I will give in a moment his summary of why he liked and why he suggested this budget. He gives here a long table on how he would find the extra $13 billion. For the department of agriculture he suggested an additional cut of $600 million out of a budget of $1.2 billion, and so on.

The second element of his budget proposal which was very important suggested an increased clawback of all social transfers to individuals and families. His emphasis was on families, social transfers in the form of UI, OAS and CPP together. He gave a schedule on how he would have done that and he suggested that another $8 billion should have been taken out of this program.

Why did Dr. Walker and his co-author suggest this would be necessary? It would bring about in two years an elimination of the deficit, and a surplus would begin.

He concludes the article with the following paragraph: "By balancing its budget within the next two years and beginning to reduce the national debt, the federal government can restore the confidence of most Canadians in the financial, economic and political viability of one Canada for all Canadians into the 21st century".

This of course has been the platform of the Reform Party since its election campaign, reinforced in the taxpayers budget published last year.

The Liberal budget did nothing Dr. Walker proposed two months earlier. There were no further cuts. There was no dealing with the problem of social program spending to high income families.

It is a very puzzling phenomenon to me. How can a man within a couple of weeks change his mind? On the one hand he would have predicted that if this budget did nothing of what he recommended, it would have been a failure. He then turns around on the basis of an objective index and would say this is a wonderful budget.

I can see only two explanations. One is that, as he said, this is an objective index. Maybe he was not objective when he wrote the first budget, when he made his budget proposal. I do not believe that. I have co-authored several books with Dr. Walker. The last one has been published in Chinese.

The only other alternative I have as an explanation is that there is a serious flaw in the design of the so-called objective index. I believe what is missing is any kind of weight given to the speed with which a fiscal restraint is enacted. I believe that is a fatal flaw.

I look forward to talking to Dr. Walker on the telephone in order to clear up this puzzle. I can assure him he has given enormous support to the Liberals, all of whom rave on all the time about how this conservative leader of the economics profession in Canada has seen the light and swung around. It is a total puzzle to me. I tried to explain it. Maybe I will have more news tomorrow.

Employment Insurance March 18th, 1996

Mr. Speaker, in spite of the announced reductions and the reductions which will be coming in the next few months, the budget document indicates that the surpluses for the next two years of $10 billion have taken into account those reductions. However, the government now plans a $2 million campaign to advertise changes to the UI system.

Canadians need jobs, not UI advertisements. Will the minister stop this costly advertising campaign and simply reduce premiums to create jobs?

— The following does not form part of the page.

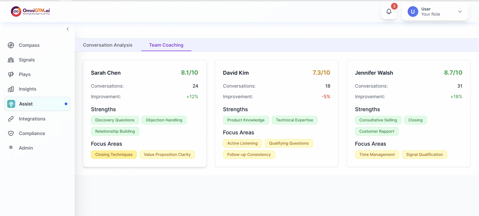 Empower every interaction with Assist, the AI copilot that supports your frontline teams. Drawing from Plays' orchestrations and live customer data, Assist surfaces real-time recommendations from conversation prompts to objection handling to next-best actions. By combining context from Compass, Signals, and Plays, Assist ensures reps engage with precision and confidence. Every engagement captured by Assist feeds back into the analytics layer, enriching Compass for smarter long-term strategy.
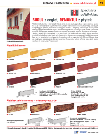 PROPOZYCJE DOSTAWCÓW O www.crh-klinkier.pl BUDUJ z cegieł, REMONTUJ z płytek Właściciele budynków z elewacją tynkową coraz częściej szukają prostego i sprawdzonego sposobu na jej odświeżenie czy wyremontowanie. Zrażeni doświadczeniami z brudzącym się, łuszczącym i odpadającym tynkiem, tym razem stawiają na trwałość i elegancję. Doskonałym rozwiązaniem okazują się płytki klinkierowe. Bogata paleta barw płytek oraz gwarancja czystej, ładnej i przez wiele lat nie wymagającej remontów elewacji, często przesądzają o wyborze właśnie tej technologii. „Buduj z cegieł, remontuj z płytek” – to propozycja CRH Klinkier dla wszystkich, którzy poszukują trwałych i oryginalnych rozwiązań w budownictwie. Oferowane przez nas płytki klinkierowe wypalane są z tej samej gliny i w tej samej technologii co cegły, a grubość płytek (13 mm i 23 mm) stwarza możliwość zastosowania różnych wariantów fugowania, w tym cofniętej fugi, dzięki czemu uzyskuje się obraz „głębi” na elewacji. Płytka klinkierowa Classic Płytki klinkierowe IT SAHARA IT SAHARA MIODOWA IT SAHARA TON IT OCHRA IT OCHRA TON IT KALAHARI N IT KALAHARI TON IT ALFA IT CLASSIC IT ETNA IT WEGA N IT SYRIUSZ CIENIOWANY 65 250 13 Producent: KROTOSZYN Wymiar: 250 x 13 x 65 mm Ilość sztuk na palecie: 2080 [26 w pudełku] Nasiąkliwość: <6% Płytka CLASSIC Producent: PATOKA Wymiar: 250 x 20 x 65 mm Ilość sztuk na palecie: 900 Nasiąkliwość: <10% Płytki ręcznie formowane – wybrane propozycje IT FB GD IT FB RUSTIEK IT HERBST IT ALT MAAS 23 65 Dostępne są płytki zwykłe oraz kątowe 23 213 [WDF] 207 [WF] 65 98 213 [WDF] 207 [WF] Producent: FACADE BEEK [HERBST, ALT MAAS – JOOSTEN KESSEL] Ilość sztuk na palecie: zwykłe – 1728, kątowe – 800 Nasiąkliwość: <12% Pełna oferta cegieł, płytek i bruków klinkierowych CRH Klinkier dostępna jest w serwisie internetowym www.crh-klinkier.pl maj–czerwiec 2009 21

Employment Insurance March 18th, 1996

Mr. Speaker, UI premiums are creating a $10 billion surplus. This money belongs to the UI system and therefore to Canadian workers and employers. When will the government reduce the regressive, job killing UI premiums on Canadian workers and employers?

Supply March 15th, 1996

Mr. Speaker, I would like to respond to a total falsehood which was presented by the hon. member when he mentioned that the Reform taxpayers budget had planned to cut $20 billion out of social program spending. Our budget committed very firmly to a maximum reduction in transfers to provinces, the famous money going to medicare, higher education and CAP, of only about $3 billion. Whereas his government took $7 billion from this program. It is totally false.

Over three years the total reduction in program spending would have been $16 billion, and well over half of that would have come out of savings, inefficiencies, overlap between governments, outrageous programs that had been bloated over the last 30 years. This is simply an incorrect representation which is despicable because it adds to something that is simply wrong.